On_training_epoch_end does not get called

I’m training a CNN and I wanted to log some metrics at the end of each training epoch. However, I’ve noticed that on_training_epoch_end is never called while on_validation_epoch_end works just fine Here’s an excerpt of the model containing those two:

      def training_step(self, batch):
                images, labels = batch 
                pred = self(images)
                train_loss = F.cross_entropy(pred, labels)
                correct=pred.argmax(dim=1).eq(labels).sum().item()
                total=len(labels)
                batch_dictionary={
                      "loss": train_loss,
                      "correct": correct,
                      "total": total
                }
                self.training_step_outputs.append(batch_dictionary)
                return batch_dictionary
          

      def validation_step(self, batch, batch_idx):
          images, labels = batch 
          pred = self(images)
          val_loss = F.cross_entropy(pred, labels)
          correct=pred.argmax(dim=1).eq(labels).sum().item()
          total=len(labels)
          val_acc = correct/total
          batch_dictionary={
                "loss": val_loss,
                "acc": val_acc,
                "correct": correct,
                "total": total
          }
          self.validation_step_outputs.append(batch_dictionary)
          return batch_dictionary
          
      def on_training_epoch_end(self):
          print('training epoch')
          outputs = self.training_step_outputs;
          batch_losses = [x['loss'] for x in outputs]
          epoch_loss = torch.stack(batch_losses).mean()   # Combine losses
          epoch_acc = sum([x['acc'] for x in outputs])/len(outputs)
          print("Training accuracy : ", epoch_acc)
          print("Training loss : ", epoch_loss)
          self.training_step_outputs.clear()  # free memory
          
      def on_validation_epoch_end(self):
          outputs = self.validation_step_outputs;
          batch_losses = [x['loss'] for x in outputs]
          epoch_loss = torch.stack(batch_losses).mean()   # Combine losses
          epoch_acc = sum([x['acc'] for x in outputs])/len(outputs)
          print("\nValidation accuracy : ", epoch_acc)
          print("Validation loss : ", epoch_loss)
          val_acc.append(epoch_acc)
          self.validation_step_outputs.clear()  # free memory

I’ve looked around and couldn’t find any explanation as to why this is happening or how to fix it.

Hey @bavshehata

The hook is actually called on_train_epoch_end. If you rename it in your code, it will get called. I see that we got that wrong in our release notes, I will fix that. If you got this info from somewhere else, let me know and I can double check that it is correct.

1 Like

Works like a charm.
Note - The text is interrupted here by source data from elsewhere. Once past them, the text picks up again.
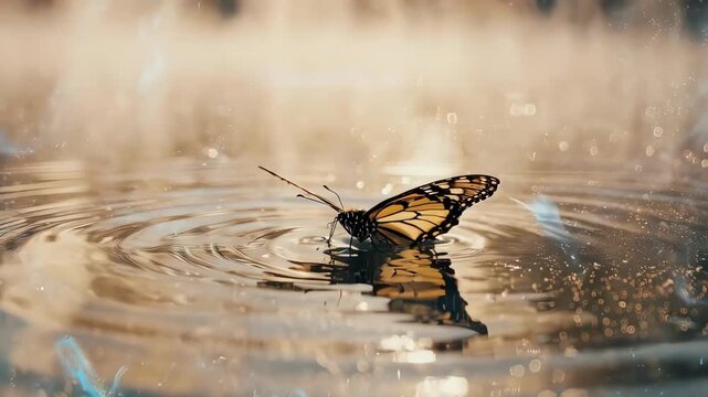 Butterfly delicately resting on a water surface with sun reflection, serene aquatic moment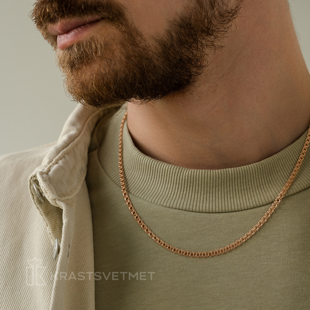 Полновесная цепь из красного золота с мощным плетением «Бисмарк Гарибальди» и деликатной отделкой алмазной грани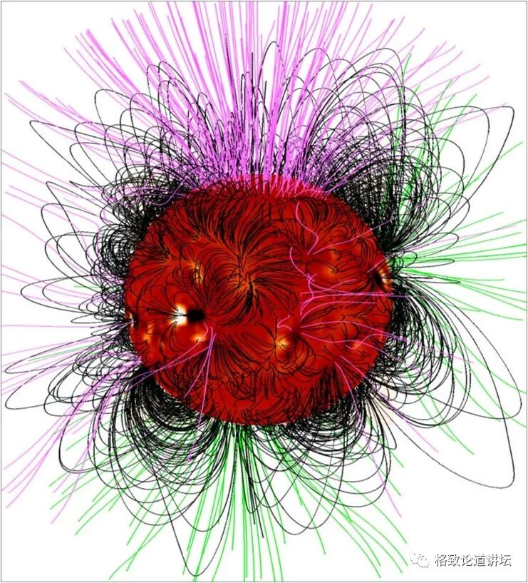这是基于刚才的磁场观测,在一定的理论假定下计算的三维太阳磁场,我们可以看到太阳磁场有非常复杂的拓扑结构和全球范围的连接性。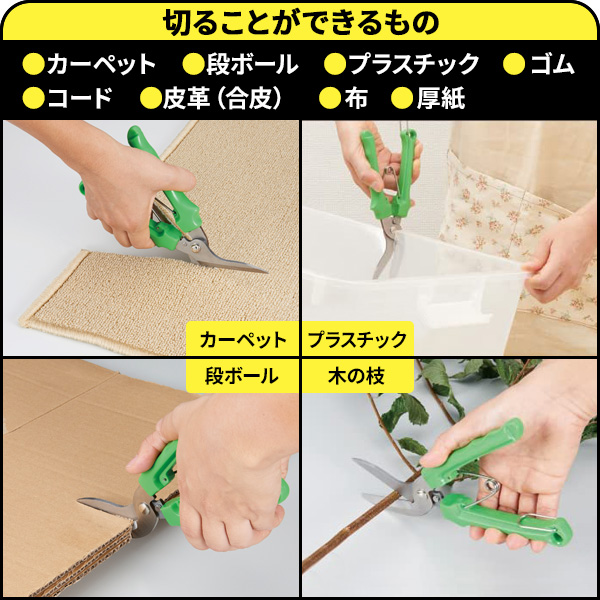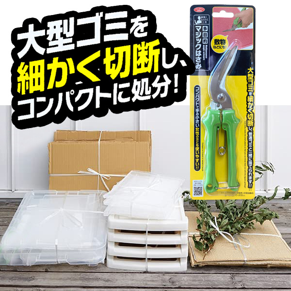 プラスチック製品や敷物など、大型のゴミも切断できる多目的なハサミ。

Thanks @awaelchli!

The only other instance of on_training_epoch_end I could find is in the paragraph above the code here in the docs

1 Like

The only other instance of on_training_epoch_end I could find is in the paragraph above the code here in the docs

Thanks for checking! This got recently fixed already. You will see it if you replace “stable” with “latest” in the docs link you posted. So we should be good.

1 Like